Lt. Col. Gayle Pfeiffer retired from the U.S. Air Force in 1993.

by Michelle Saxton | photo by terah hoobler

B

onded in their military service decades ago, two Southeastern North Carolina women will join other veterans in being honored with a trip to the nation’s capital.

ESSIE GROVER (opposite page, left), a U.S. Navy lieutenant, served from 1963 to 1965; and GAYLE PFEIFFER (opposite page, right), a retired U.S. Air Force lieutenant colonel, served from 1971 to 1993.

They’re among seventy-five veterans flying to Washington, D.C., on April 30 for the Honor Flight of the Cape Fear Area. The trip is for veterans who served before 1975 – during World War II, Korean War, and Vietnam War eras – and for terminally ill veterans.

While among those being celebrated, Grover and Pfeiffer are giving tribute as well.

“It’s certainly a privilege and an honor to be able to go on this trip,” says Pfeiffer, who looks forward to visiting military monuments and memorials.

Grover anticipates witnessing Arlington National Cemetery’s vastness and the Tomb of the Unknown Soldier.

“I see all these pictures of white headstones,” Grover says. “But to actually be there and see the soldier marching back and forth to some person nobody will ever know … is an honor,” Grover says. “He died to keep me free, and I want to say thank you.”

The Honor Flight Network, which has more than 128 hubs nationally, has flown more than 245,000 veterans to Washington, D.C., since 2005, the organization’s website states.

Some flights departed the Wilmington area in 2010 and 2011, says RUTH RAVITZ SMITH, Honor Flight of the Cape Fear Area’s founder and president. She has been working to get efforts up and running again with the group’s inaugural flight.

Smith previously lived in the D.C. area and spent many emotional moments at Reagan National Airport greeting veterans arriving on Honor Flights.

“There’s a disease I didn’t know about – it’s called the Honor Flight allergy,” Smith says. “Every time you do something Honor Flight-related you tear up.”

Pfeiffer, who lives in the Leland area, will be seventy-three when she takes the Honor Flight. She worked in supply and logistics for the Air Force and served in Thailand toward the end of the Vietnam War, selling excess military equipment to local contractors.

Pfeiffer spent most of her career stationed at various fighter wings, including MacDill Air Force Base in Tampa, Florida, where she once met Queen Elizabeth II.

During her military service, Pfeiffer witnessed women become fully integrated when the Women in the Air Force (WAF) program ended in the 1970s.

“When you’re in a mostly male environment it’s a challenge to fit in, and yet still my big thing was to maintain femininity,” Pfeiffer says. “I wore heels and skirts when I possibly could and combat boots and fatigues when I had to.”

Pfeiffer was a counselor for enlisted women, and when leaving for another base she was asked to recommend someone for the women’s advisory position.

“I said, ‘Nobody. Do away with it.’ Male squadron commanders need to do their jobs, male first sergeants need to do their jobs,” Pfeiffer recalls. “There should not be a special person that only women went to that’s a woman. And so, he did, he listened to me.”

Pfeiffer later worked as a logistics project manager for the U.S. Department of State to help eradicate drug crops in Central and South America. She also became a veterinary technician and retired to North Carolina near a college friend.

Grover, eighty-one, joined the Navy as a military nurse, serving at Naval Hospital Camp Pendleton in California.

“My job was in the operating room, training the boys to set up field hospitals over in Vietnam because that was the beginning of

the war,” Grover says.

She recalls seeing beach demonstrations of weapons near the naval hospital.

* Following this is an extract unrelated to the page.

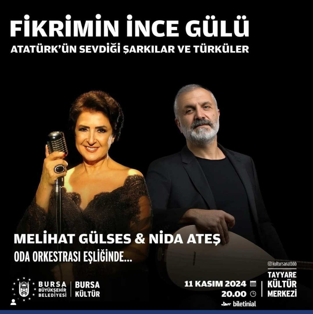 Ayrıca Orkestra Şube Müdürlüğü tarafından 10 Kasım Pazar günü Saat 20.30’da Tayyare Kültür Merkezi’nde ‘Ölümsüzlüğe Ezgiler-Bir Fırtına Tuttu Bizi’ adlı konser düzenlenecek. Etkinlikler kapsamında 11 Kasım Pazartesi günü Saat 20.00’da Tayyare Kültür Merkezi’nde ‘Fikrimin İnce Gülü’ adlı konser düzenlenecek.

“They had displays of all their military weapons that they were taking overseas,” Grover says.

Grover left the military after two years and became an anesthetist. She later moved to North Carolina and had a blueberry farm in Watha before settling in Burgaw.

The Honor Flight, delayed twice because of the pandemic, is funded by donations.

The budget is about $120,000 a year for a chartered flight, Smith says.

People are welcome to greet Honor Flight veterans at Wilmington International Airport, and volunteers are needed for future flights. (Details at honorflightcfa.org)

Veterans on the Honor Flight will have guardian companions and be joined by medical and administrative staff.

Some guardians are veterans too, including retired U.S. Army Col. CHRISSY SANFORD, veteran coordinator of the local Honor Flight.

Sanford served from 1991 to 2011 and was in the Army Nurse Corps. She was a pediatric nurse practitioner at the Duke University School of Nursing when she enlisted at forty-two.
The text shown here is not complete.